→ Task input:
Content starts

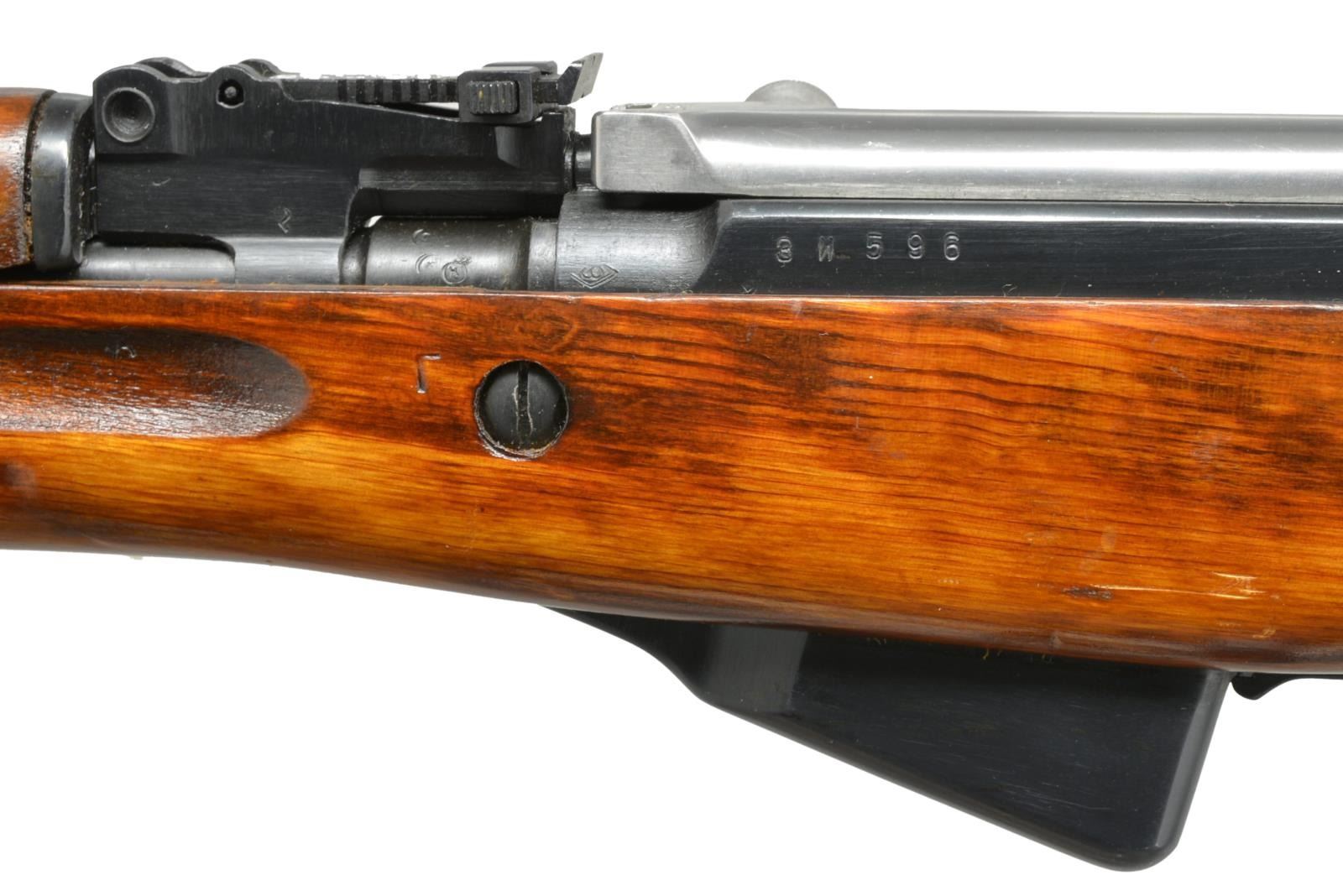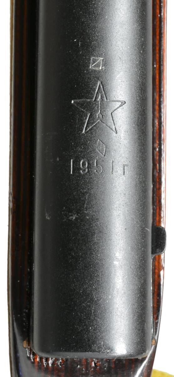 1) Cal. 7.62x39. S# CCCP30979 Import marked on right side of receiver. Given new S#. Original S# MN956 matches on receiver stock bolt & trigger guard. Bbl. 20 5/8". Top cover marked w/ arrow & star indicating mfg. at Tula Arsenal, dated 1951. Tangent rear sight graduated to 1000m. Post front sight w/ protective hood. Cleaning rod is present. 9 & 1/2" Fullered blade folding bayonet. Laminated stock set. Stock has additional recoil bolt below rear of receiver. Cleaning kit in butt. Brown web sling. CONDITION: very good arsenal rework finish on wood & metal w/ very light handling marks. Good bore w/ lightly worn lands. (21-515/RW). 2) Cal. 7.62x39. S# CCCP48052. Import marked on right side of receiver. Original S# 3 in 596 matches on receiver, bolt, trigger group & buttstock. Bbl. 20 1/2". Receiver marked on top w/ arrow in star indicating mfg. at Tula Arsenal, dated 1952. Tangent rear sight graduated to 1000m. Post front sight w/ protective hood. Cleaning rod is present. 9 3/8" Fullered blade folding bayonet. Hardwood stock set. Cleaning kit in butt. Buttstock has series of sm. x's stamped in left side. CONDITION: wood & metal have arsenal rework finish w/ very good appearance, stock has very light wear & scattered handling marks. Near excellent shiny bore. (21-516/RW). BOTH CURIO. $800-1,200.
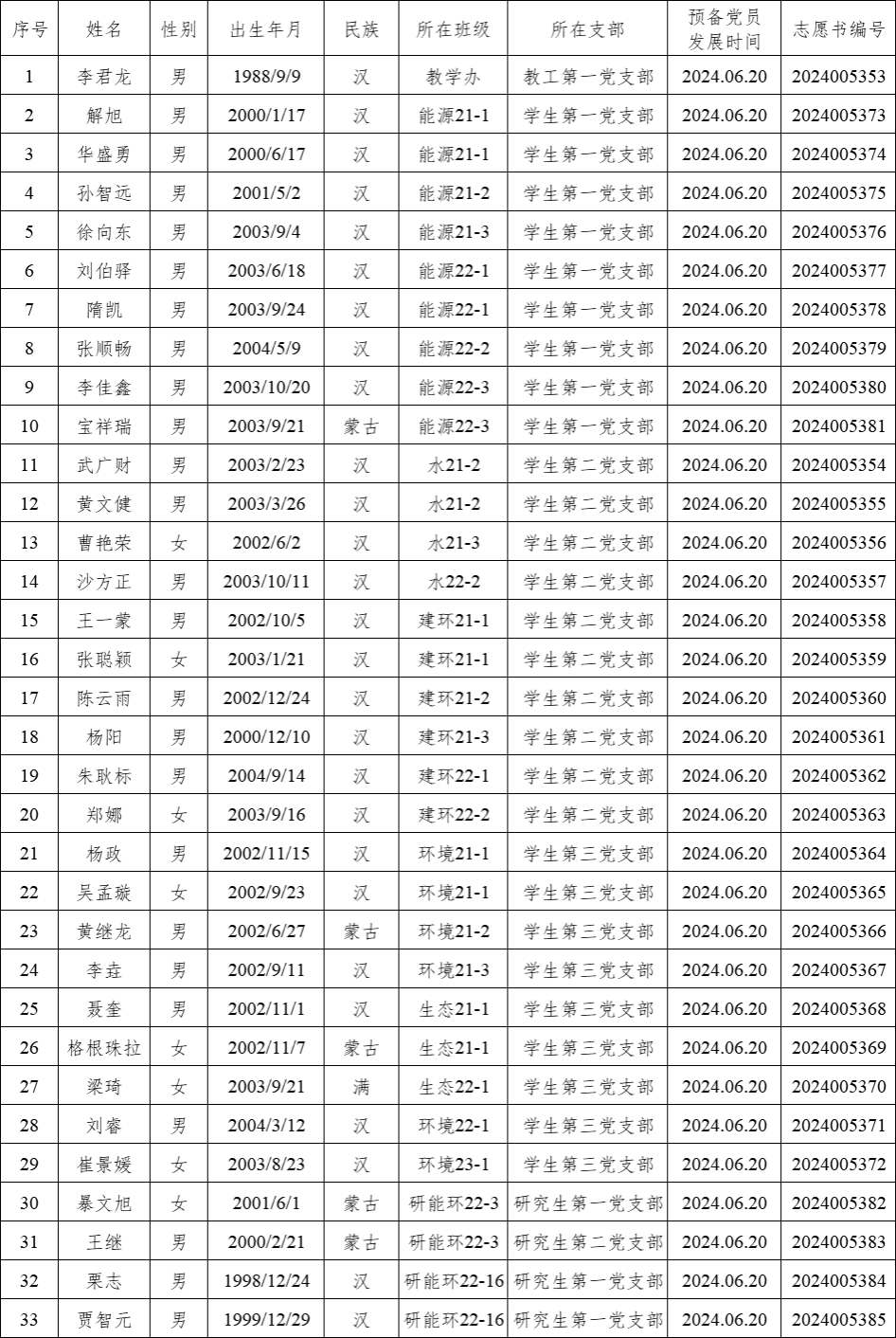 公示期从 2025 6 13 日至 2025 6 19 日止。在公示期内,任何单位和个人均可采用电话、信函或直接来访的形式,向太阳成tyc7111cc党委反映李君龙三十三位同志在政治立场、理想信念、思想品德、入党动机、工作表现、廉洁自律和遵纪守法等方面的情况,同时也可反映基层党组织在发展党员工作中坚持党员标准和发展党员工作程序等方面的情况。反映问题要求实事求是,客观公正。
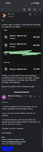 Yesterday, I noticed an unexpected “late pickup fee” charge from Bounce, claiming I had just picked up the package that day. However, I haven’t left my house in days, and as mentioned, I had already picked up my only package on the delivery date back in August.
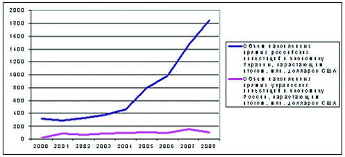 Рис. 1 Динамика взаимных инвестиций России и Украины
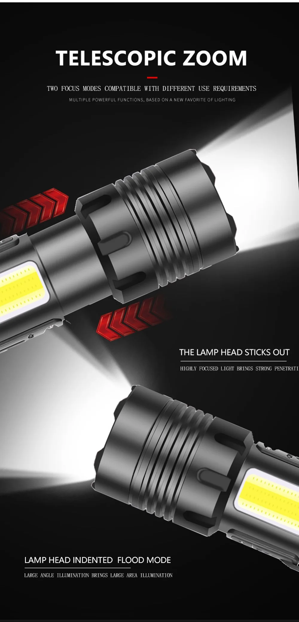 4. P70 3 режима: сильный светильник-слабый светильник-стробоскоп-двойной щелчок для открытия COB-Длительное нажатие для выключения
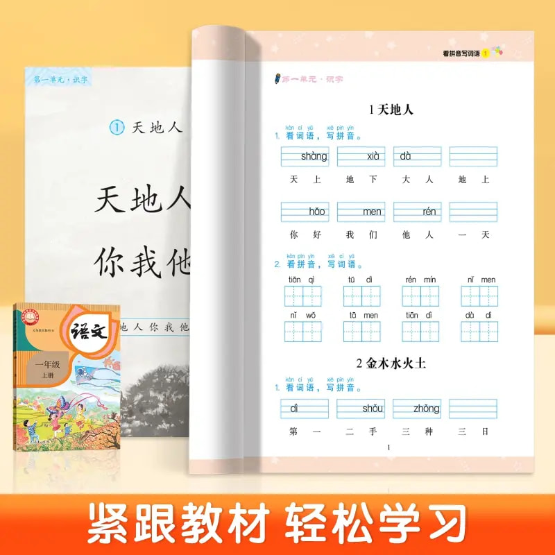 一年级上册语文同步生字组词造句本看拼音写词语基础知识专项训练题小学生看拼音写词语生字注音组词拼音专项训练人教版 同步练习册
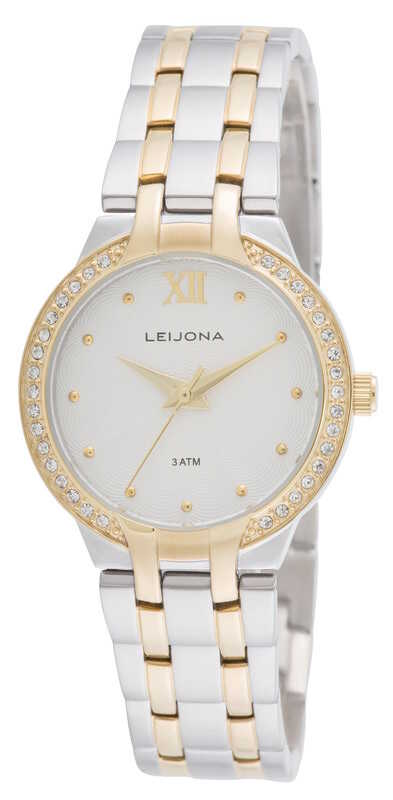 Naisten Leijona 5171-3838 rannekello. Kellon runko ja ranneke ovat valmistettu ruostumattomasta teräksestä ja väriltään ne ovat sekä hopeiset että kultaiset. Rungon leveys on 30mm ja paksuus 8mm. Rannekkeen leveys on 15mm. Kellon ulkokehälle on upotettu zirkonia -korukiviä. Leijona kellolle myönnetään kahden vuoden takuu ja tuote toimitetaan valmistajan alkuperäisessä rasiassa.
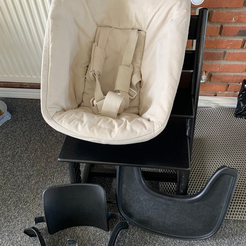 Ny Model Hvid Højestol Trip Trap med indsat Bord &NewBorn. medfølger som vist på Billederne.
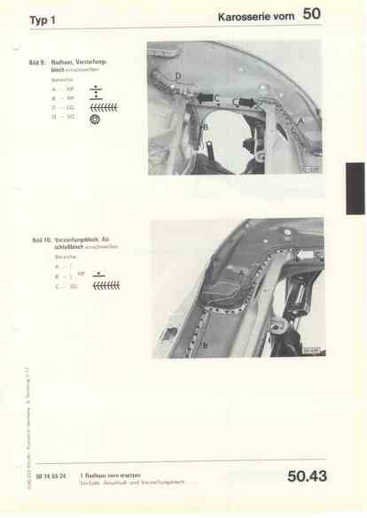 Karosserie Reparatur-Leitfaden Typ 1 April 1975, Seite 50.43
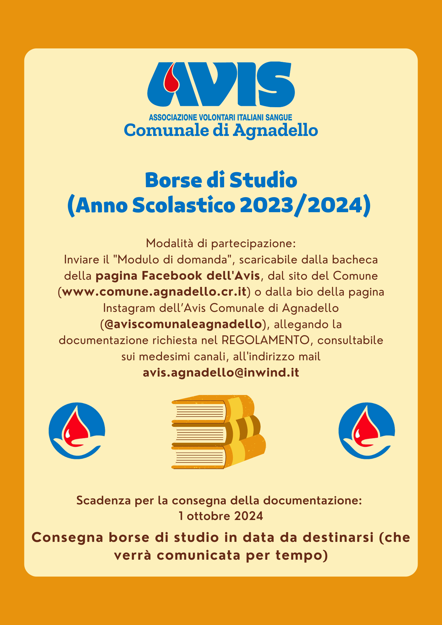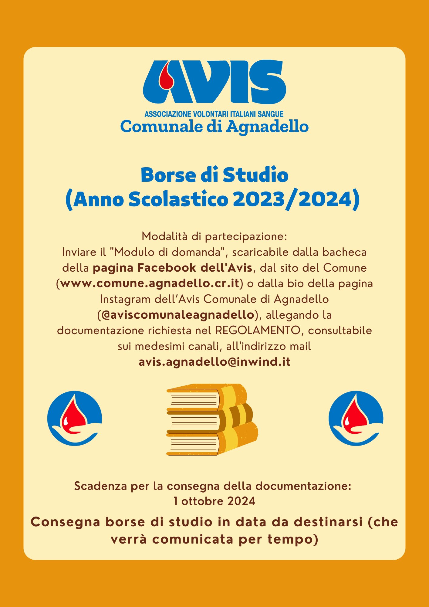 AVIS AGNADELLO - BORSE DI STUDIO A.S. 2023/2024
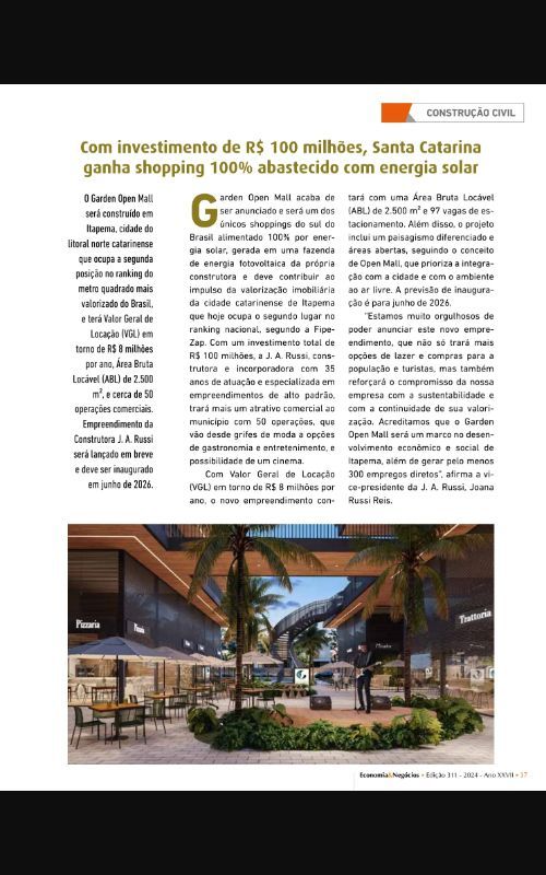 Shopping projetado em R$100 milhões será totalmente abastecido por energia solar
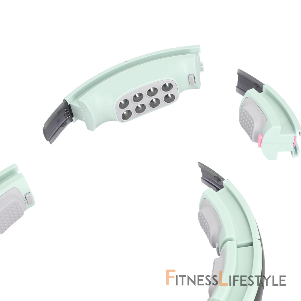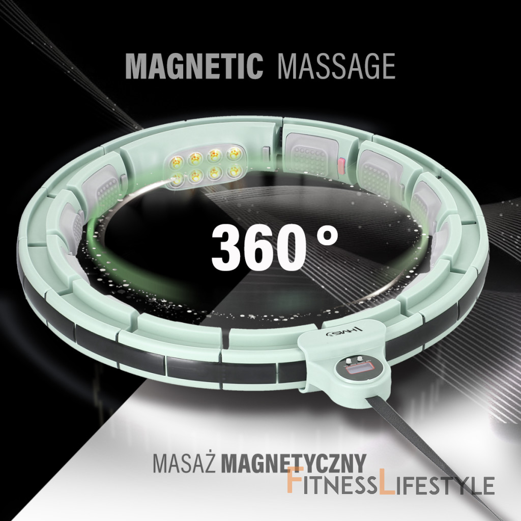 konštrukcia masáže Hula Hoop Stavba pozostáva z 12 rovnakých častí a jednej časti s magnetmi, ku ktorým sa pripájajú. Na zatvorenie obruče je potrebné použiť najmenej 9 dielov. Jednotlivé časti zakrývajú koľajnicu, ktorá sa vkladá pred zatvorením kotvy, ktorá je vybavená štyrmi kolesami guľovými ložiskami. Kotva je pomocou remienka na nastaviteľné dĺžky spojené s hmotnosťami s hmotnosťou 380 (+- 20) gramov. Reťazec je možné nastaviť na dĺžku 15 - 30 centimetrov, a to zmenou dĺžky reťazca, výsledná odstredivosť hmotnosti je nastavená - čím dlhšia je reťazec, tým „ťažšie“ bude hmotnosť.

Content ends

→ Work instructions:
Set down every entry above verbatim, without pictures.

→ Answer space:
 1) Cal. 7.62x39. S# CCCP30979 Import marked on right side of receiver. Given new S#. Original S# MN956 matches on receiver stock bolt & trigger guard. Bbl. 20 5/8". Top cover marked w/ arrow & star indicating mfg. at Tula Arsenal, dated 1951. Tangent rear sight graduated to 1000m. Post front sight w/ protective hood. Cleaning rod is present. 9 & 1/2" Fullered blade folding bayonet. Laminated stock set. Stock has additional recoil bolt below rear of receiver. Cleaning kit in butt. Brown web sling. CONDITION: very good arsenal rework finish on wood & metal w/ very light handling marks. Good bore w/ lightly worn lands. (21-515/RW). 2) Cal. 7.62x39. S# CCCP48052. Import marked on right side of receiver. Original S# 3 in 596 matches on receiver, bolt, trigger group & buttstock. Bbl. 20 1/2". Receiver marked on top w/ arrow in star indicating mfg. at Tula Arsenal, dated 1952. Tangent rear sight graduated to 1000m. Post front sight w/ protective hood. Cleaning rod is present. 9 3/8" Fullered blade folding bayonet. Hardwood stock set. Cleaning kit in butt. Buttstock has series of sm. x's stamped in left side. CONDITION: wood & metal have arsenal rework finish w/ very good appearance, stock has very light wear & scattered handling marks. Near excellent shiny bore. (21-516/RW). BOTH CURIO. $800-1,200.
 公示期从 2025 6 13 日至 2025 6 19 日止。在公示期内,任何单位和个人均可采用电话、信函或直接来访的形式,向太阳成tyc7111cc党委反映李君龙三十三位同志在政治立场、理想信念、思想品德、入党动机、工作表现、廉洁自律和遵纪守法等方面的情况,同时也可反映基层党组织在发展党员工作中坚持党员标准和发展党员工作程序等方面的情况。反映问题要求实事求是,客观公正。
 Yesterday, I noticed an unexpected “late pickup fee” charge from Bounce, claiming I had just picked up the package that day. However, I haven’t left my house in days, and as mentioned, I had already picked up my only package on the delivery date back in August.
 Рис. 1 Динамика взаимных инвестиций России и Украины
 4. P70 3 режима: сильный светильник-слабый светильник-стробоскоп-двойной щелчок для открытия COB-Длительное нажатие для выключения
 一年级上册语文同步生字组词造句本看拼音写词语基础知识专项训练题小学生看拼音写词语生字注音组词拼音专项训练人教版 同步练习册
 Naisten Leijona 5171-3838 rannekello. Kellon runko ja ranneke ovat valmistettu ruostumattomasta teräksestä ja väriltään ne ovat sekä hopeiset että kultaiset. Rungon leveys on 30mm ja paksuus 8mm. Rannekkeen leveys on 15mm. Kellon ulkokehälle on upotettu zirkonia -korukiviä. Leijona kellolle myönnetään kahden vuoden takuu ja tuote toimitetaan valmistajan alkuperäisessä rasiassa.
 Ny Model Hvid Højestol Trip Trap med indsat Bord &NewBorn. medfølger som vist på Billederne.
 Karosserie Reparatur-Leitfaden Typ 1 April 1975, Seite 50.43
 AVIS AGNADELLO - BORSE DI STUDIO A.S. 2023/2024
 Shopping projetado em R$100 milhões será totalmente abastecido por energia solar
 konštrukcia masáže Hula Hoop Stavba pozostáva z 12 rovnakých častí a jednej časti s magnetmi, ku ktorým sa pripájajú. Na zatvorenie obruče je potrebné použiť najmenej 9 dielov. Jednotlivé časti zakrývajú koľajnicu, ktorá sa vkladá pred zatvorením kotvy, ktorá je vybavená štyrmi kolesami guľovými ložiskami. Kotva je pomocou remienka na nastaviteľné dĺžky spojené s hmotnosťami s hmotnosťou 380 (+- 20) gramov. Reťazec je možné nastaviť na dĺžku 15 - 30 centimetrov, a to zmenou dĺžky reťazca, výsledná odstredivosť hmotnosti je nastavená - čím dlhšia je reťazec, tým „ťažšie“ bude hmotnosť.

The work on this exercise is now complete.